Extracted records
########

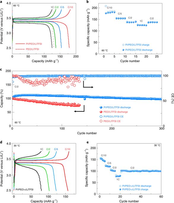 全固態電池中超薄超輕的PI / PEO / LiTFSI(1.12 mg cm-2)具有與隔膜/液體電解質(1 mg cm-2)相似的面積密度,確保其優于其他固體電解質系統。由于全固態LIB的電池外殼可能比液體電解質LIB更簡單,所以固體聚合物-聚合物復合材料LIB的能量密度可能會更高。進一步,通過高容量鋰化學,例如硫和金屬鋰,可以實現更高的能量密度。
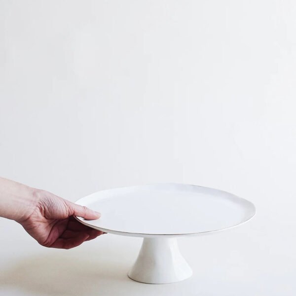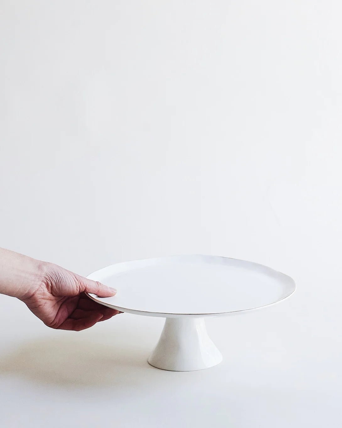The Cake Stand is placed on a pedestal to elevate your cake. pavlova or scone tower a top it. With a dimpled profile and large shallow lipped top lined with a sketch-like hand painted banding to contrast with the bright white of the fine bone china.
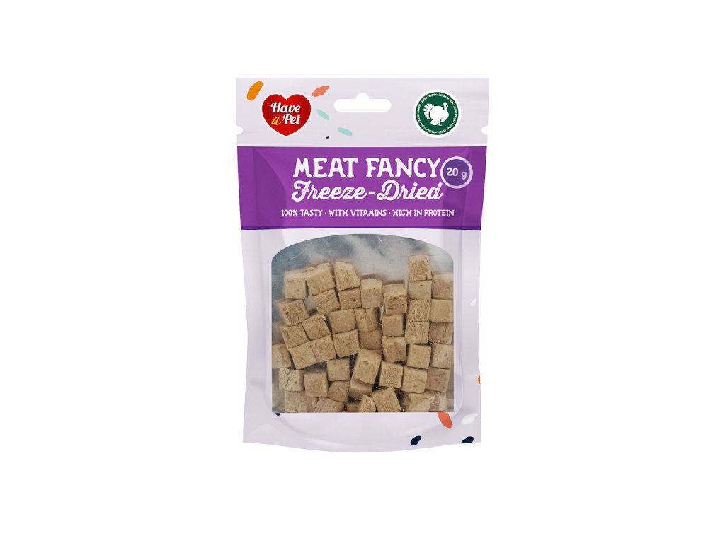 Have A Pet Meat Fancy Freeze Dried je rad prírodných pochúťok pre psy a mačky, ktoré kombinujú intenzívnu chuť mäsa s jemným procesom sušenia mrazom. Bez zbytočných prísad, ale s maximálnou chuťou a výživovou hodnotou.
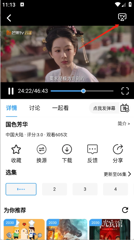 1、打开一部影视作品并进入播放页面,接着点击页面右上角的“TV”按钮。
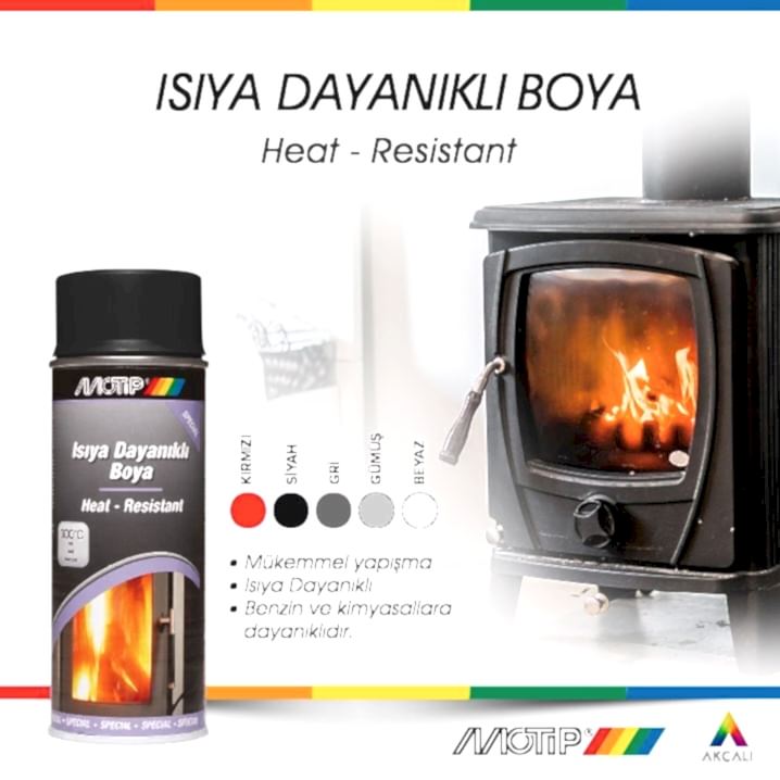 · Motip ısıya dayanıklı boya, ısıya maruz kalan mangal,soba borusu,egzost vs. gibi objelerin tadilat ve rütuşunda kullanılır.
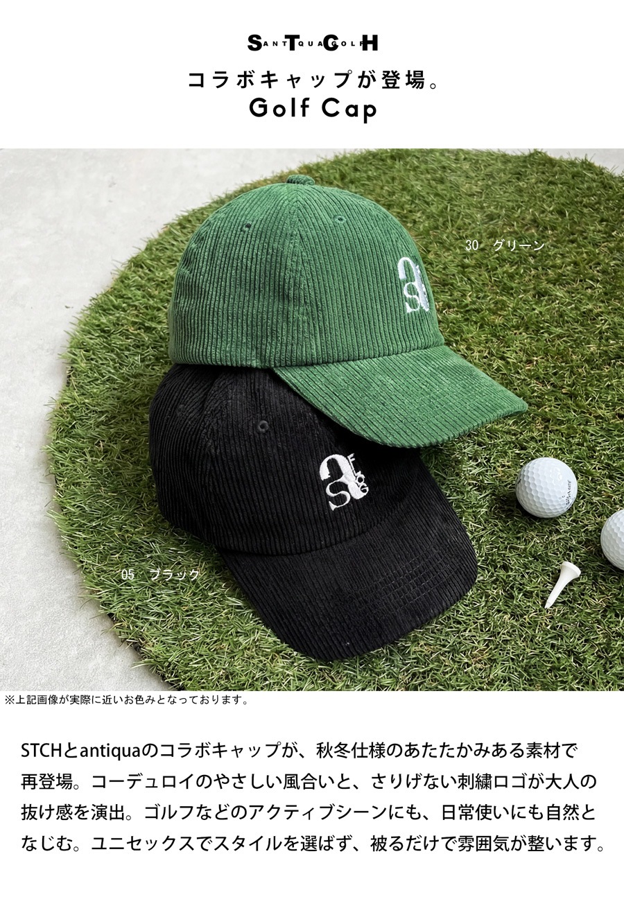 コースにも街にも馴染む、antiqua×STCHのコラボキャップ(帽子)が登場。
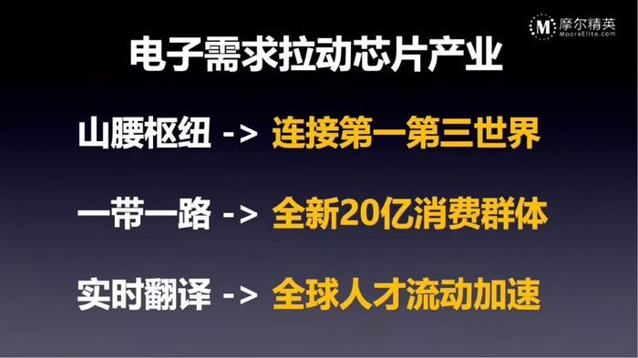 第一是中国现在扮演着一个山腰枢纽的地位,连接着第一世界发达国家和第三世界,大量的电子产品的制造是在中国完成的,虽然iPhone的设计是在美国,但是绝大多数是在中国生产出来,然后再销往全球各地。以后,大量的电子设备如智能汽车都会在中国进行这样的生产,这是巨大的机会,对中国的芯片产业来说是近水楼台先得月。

########

◆ ABOUT THIS EXERCISE
Restate word for word the lines that begin at the one containing "The Cake Stand" and end with the final line of the records. Pictures stay out.

◆ RESPONSE TO THIS TASK
The Cake Stand is placed on a pedestal to elevate your cake. pavlova or scone tower a top it. With a dimpled profile and large shallow lipped top lined with a sketch-like hand painted banding to contrast with the bright white of the fine bone china.
 Have A Pet Meat Fancy Freeze Dried je rad prírodných pochúťok pre psy a mačky, ktoré kombinujú intenzívnu chuť mäsa s jemným procesom sušenia mrazom. Bez zbytočných prísad, ale s maximálnou chuťou a výživovou hodnotou.
 1、打开一部影视作品并进入播放页面,接着点击页面右上角的“TV”按钮。
 · Motip ısıya dayanıklı boya, ısıya maruz kalan mangal,soba borusu,egzost vs. gibi objelerin tadilat ve rütuşunda kullanılır.
 コースにも街にも馴染む、antiqua×STCHのコラボキャップ(帽子)が登場。
 第一是中国现在扮演着一个山腰枢纽的地位,连接着第一世界发达国家和第三世界,大量的电子产品的制造是在中国完成的,虽然iPhone的设计是在美国,但是绝大多数是在中国生产出来,然后再销往全球各地。以后,大量的电子设备如智能汽车都会在中国进行这样的生产,这是巨大的机会,对中国的芯片产业来说是近水楼台先得月。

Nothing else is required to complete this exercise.